Speaking Lesson from Inside Out: Remember Emotion
In Pixar’s brilliant film Inside Out, the stars of the movie are the emotions inside an 11-year old girl’s mind.
Inside Out powerfully reminds us that emotions drive many of our actions and decisions. Presenters often forget this and focus exclusively on delivering information, rather than on also conveying emotion.
My clients often worry that bringing out emotion in an presentation will be at the expense of teaching content. “But this is a technical presentation. Emotion will cheapen it!”
It is actually quite the opposite.
As professors Dachar Keltman and Paul Ekman explain in the recent NYT piece, “The Science of Inside Out:”

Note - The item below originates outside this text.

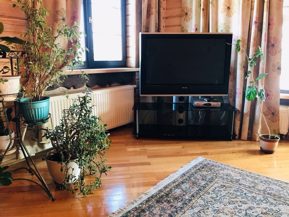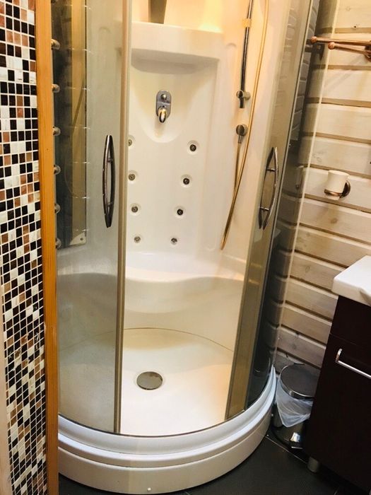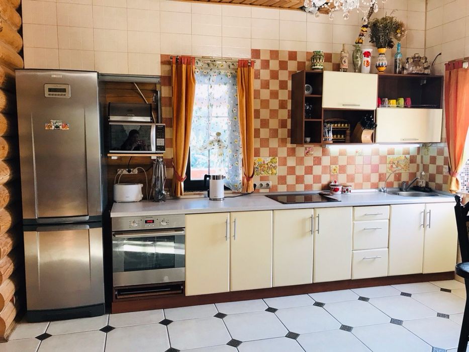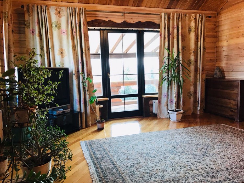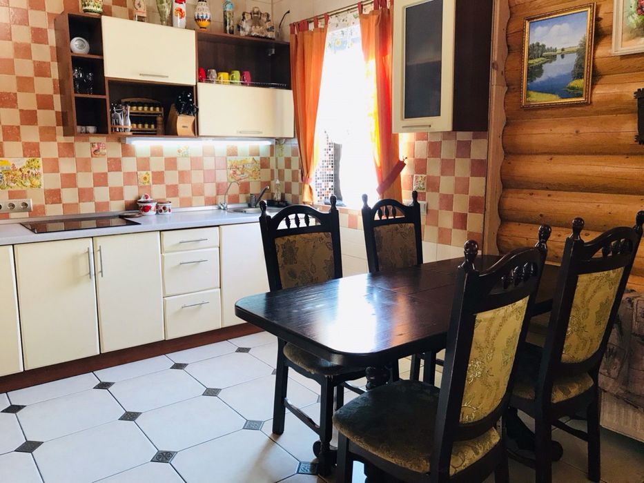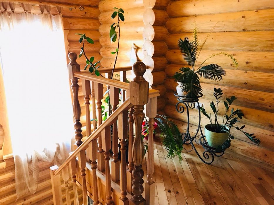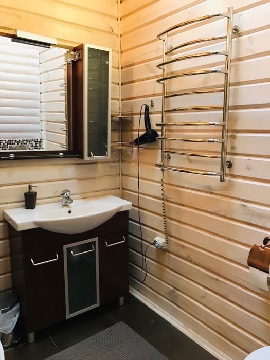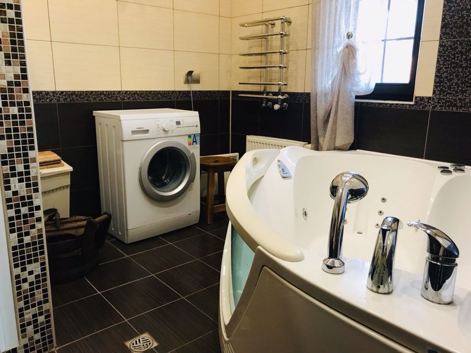 У основному будинку: 3 кімнати , з двох - балкони , 3 санвузли, гідромасажна ванна Balteco, душова кабіна з гідромасажем Balteco, баня 3,,0*2,5 на дровах, є відро водопад,камін з водяним контуром на 19квт Lechma, тепла підлога весь перший поверх, та с/у на другому поверсі, висота першого поверху 3.10, другого 2,8, підвал,

Emotions organize — rather than disrupt — rational thinking. Traditionally, in the history of Western thought, the prevailing view has been that emotions are enemies of rationality and disruptive of cooperative social relations.
But the truth is that emotions guide our perceptions of the world, our memories of the past and even our moral judgments of right and wrong, most typically in ways that enable effective responses to the current situation.
In other words, people will more effectively understand, remember and act on your information if it is given with the corresponding emotional tone.
For example, if you are giving a technical, data-based presentation on the recent (exciting) growth of the company, your audience will better remember the particular stats if you speak with excitement in your voice.
From the Green Room: Your listener will always feel something after listening to you. Make it the emotion you want! Have a clear emotional intent for your presentation, and let it help guide your content.